"""
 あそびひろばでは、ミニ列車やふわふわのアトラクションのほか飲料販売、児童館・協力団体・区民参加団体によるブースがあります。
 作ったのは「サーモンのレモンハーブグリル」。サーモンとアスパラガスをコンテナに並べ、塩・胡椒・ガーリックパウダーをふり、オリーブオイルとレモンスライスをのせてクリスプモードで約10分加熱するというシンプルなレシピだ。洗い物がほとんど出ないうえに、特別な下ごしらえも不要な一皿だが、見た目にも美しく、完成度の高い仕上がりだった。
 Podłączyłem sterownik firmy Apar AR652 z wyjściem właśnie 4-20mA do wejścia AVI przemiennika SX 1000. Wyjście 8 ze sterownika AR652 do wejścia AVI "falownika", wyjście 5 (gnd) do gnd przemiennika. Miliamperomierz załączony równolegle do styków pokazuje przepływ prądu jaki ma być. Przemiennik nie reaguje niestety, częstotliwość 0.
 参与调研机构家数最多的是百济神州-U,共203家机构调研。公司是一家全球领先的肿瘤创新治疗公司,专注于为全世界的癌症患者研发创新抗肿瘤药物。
"""
"""
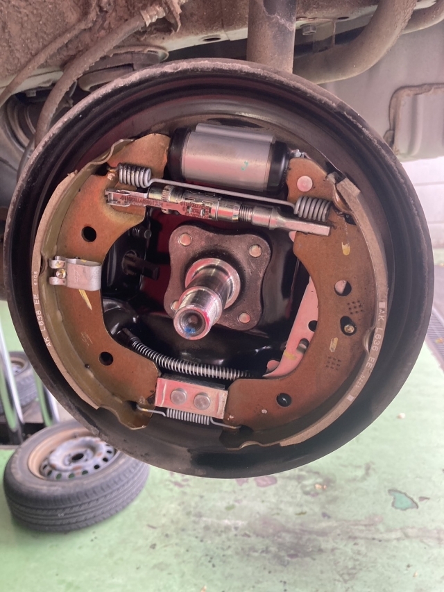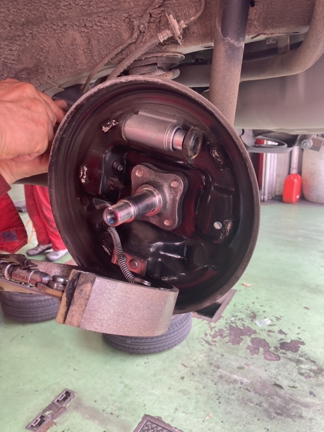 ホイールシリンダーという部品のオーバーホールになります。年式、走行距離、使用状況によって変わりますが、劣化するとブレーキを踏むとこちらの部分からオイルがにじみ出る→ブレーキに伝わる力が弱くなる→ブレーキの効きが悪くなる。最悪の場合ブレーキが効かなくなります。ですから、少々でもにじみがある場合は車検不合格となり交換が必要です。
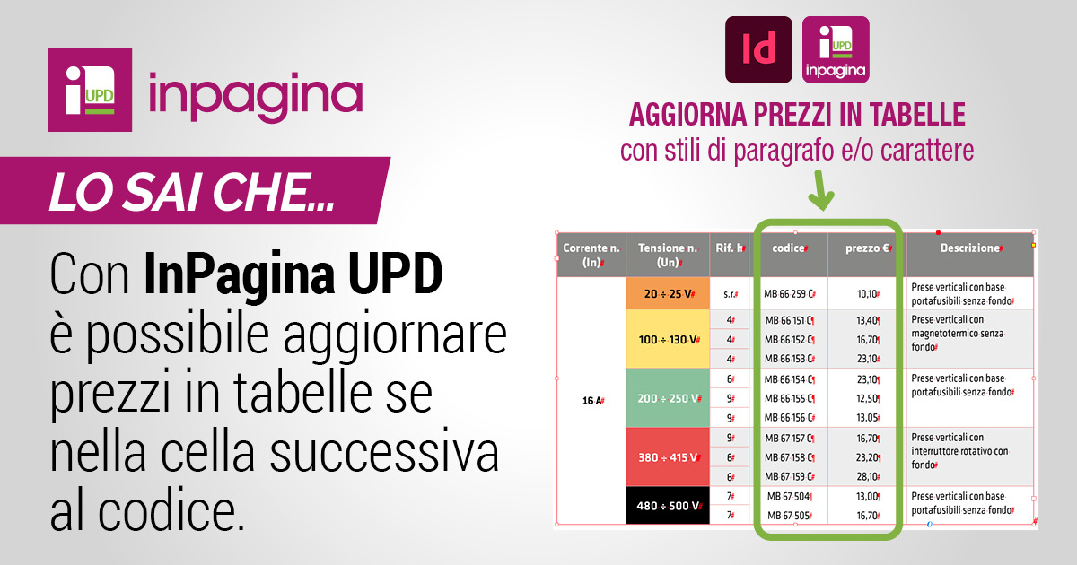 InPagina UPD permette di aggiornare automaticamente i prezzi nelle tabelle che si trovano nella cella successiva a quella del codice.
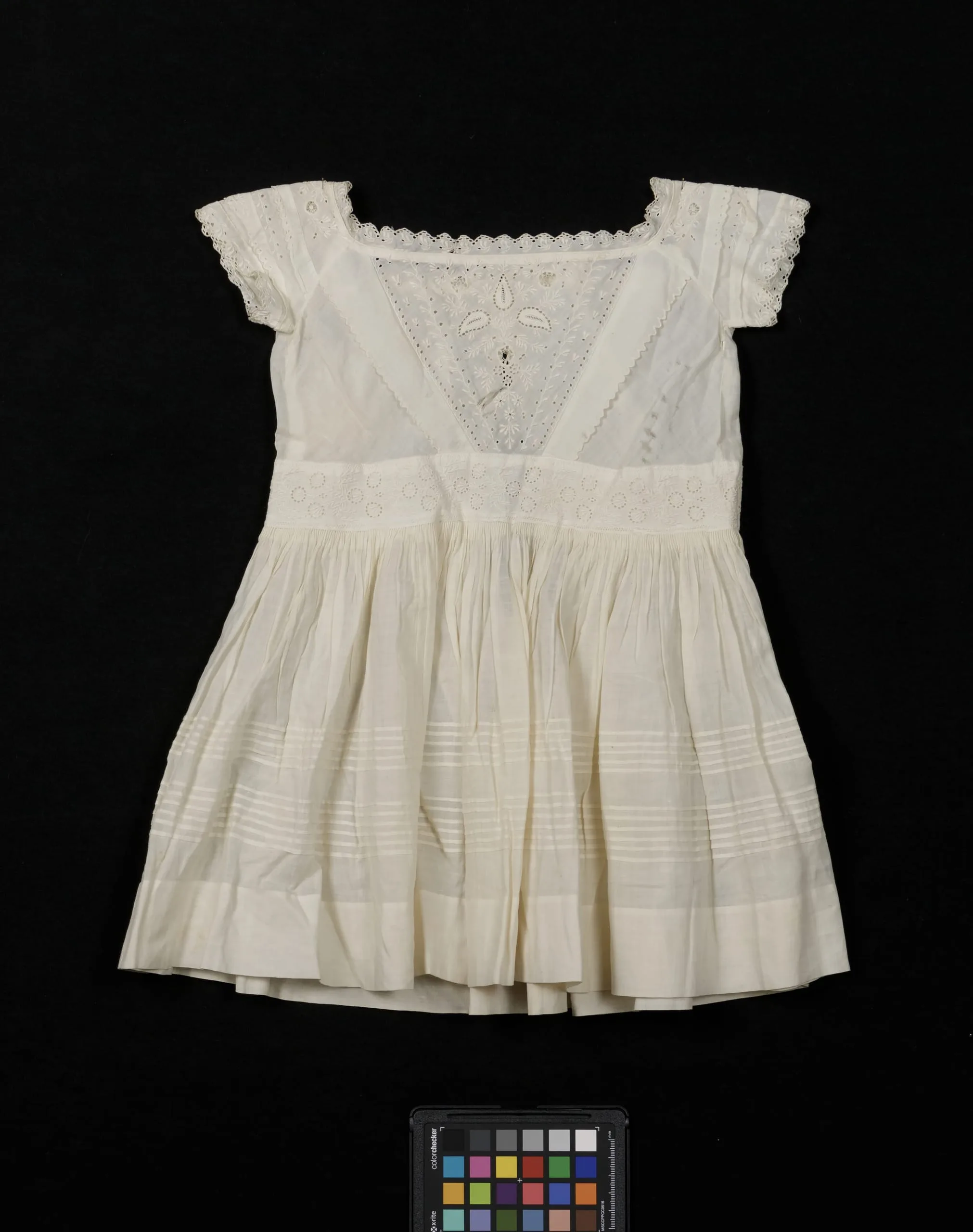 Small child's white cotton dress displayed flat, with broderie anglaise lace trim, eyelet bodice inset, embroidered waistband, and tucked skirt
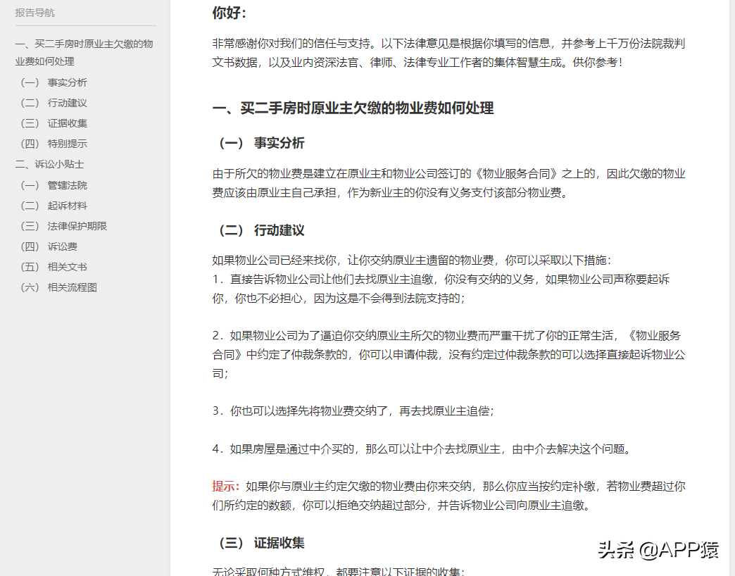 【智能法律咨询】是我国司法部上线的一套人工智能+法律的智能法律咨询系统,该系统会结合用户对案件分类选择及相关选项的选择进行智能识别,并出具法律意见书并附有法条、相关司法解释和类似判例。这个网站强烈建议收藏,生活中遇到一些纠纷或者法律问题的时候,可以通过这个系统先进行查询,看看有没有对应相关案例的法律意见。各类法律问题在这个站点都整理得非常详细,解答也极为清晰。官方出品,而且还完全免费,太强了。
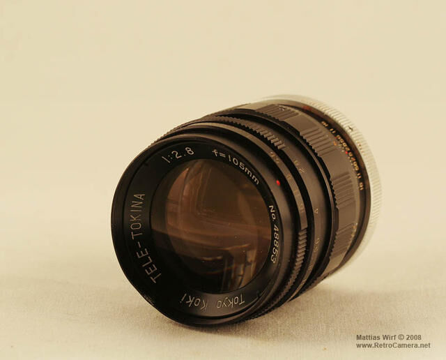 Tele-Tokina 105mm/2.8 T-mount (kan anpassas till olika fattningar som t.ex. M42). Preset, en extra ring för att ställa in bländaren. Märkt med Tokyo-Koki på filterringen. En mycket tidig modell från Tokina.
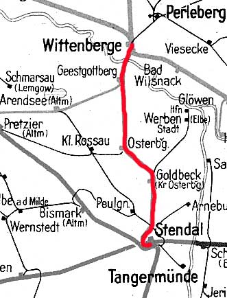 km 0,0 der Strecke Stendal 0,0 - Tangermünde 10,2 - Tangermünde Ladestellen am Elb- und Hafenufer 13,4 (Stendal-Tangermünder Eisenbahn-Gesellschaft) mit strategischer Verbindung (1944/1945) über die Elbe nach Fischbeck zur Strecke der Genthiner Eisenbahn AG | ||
"""
"""
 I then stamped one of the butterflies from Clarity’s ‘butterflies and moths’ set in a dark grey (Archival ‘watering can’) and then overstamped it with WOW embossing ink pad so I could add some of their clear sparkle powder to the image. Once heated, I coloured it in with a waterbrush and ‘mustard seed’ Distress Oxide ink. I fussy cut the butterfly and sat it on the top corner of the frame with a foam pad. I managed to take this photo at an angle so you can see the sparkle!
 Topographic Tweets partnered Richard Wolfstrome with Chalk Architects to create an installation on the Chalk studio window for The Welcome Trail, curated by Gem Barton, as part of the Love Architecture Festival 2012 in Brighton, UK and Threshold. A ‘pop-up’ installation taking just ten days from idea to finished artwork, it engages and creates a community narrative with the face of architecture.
"""
Where the word "from" is present in a line of the listing, copy that line.

 I then stamped one of the butterflies from Clarity’s ‘butterflies and moths’ set in a dark grey (Archival ‘watering can’) and then overstamped it with WOW embossing ink pad so I could add some of their clear sparkle powder to the image. Once heated, I coloured it in with a waterbrush and ‘mustard seed’ Distress Oxide ink. I fussy cut the butterfly and sat it on the top corner of the frame with a foam pad. I managed to take this photo at an angle so you can see the sparkle!
 Topographic Tweets partnered Richard Wolfstrome with Chalk Architects to create an installation on the Chalk studio window for The Welcome Trail, curated by Gem Barton, as part of the Love Architecture Festival 2012 in Brighton, UK and Threshold. A ‘pop-up’ installation taking just ten days from idea to finished artwork, it engages and creates a community narrative with the face of architecture.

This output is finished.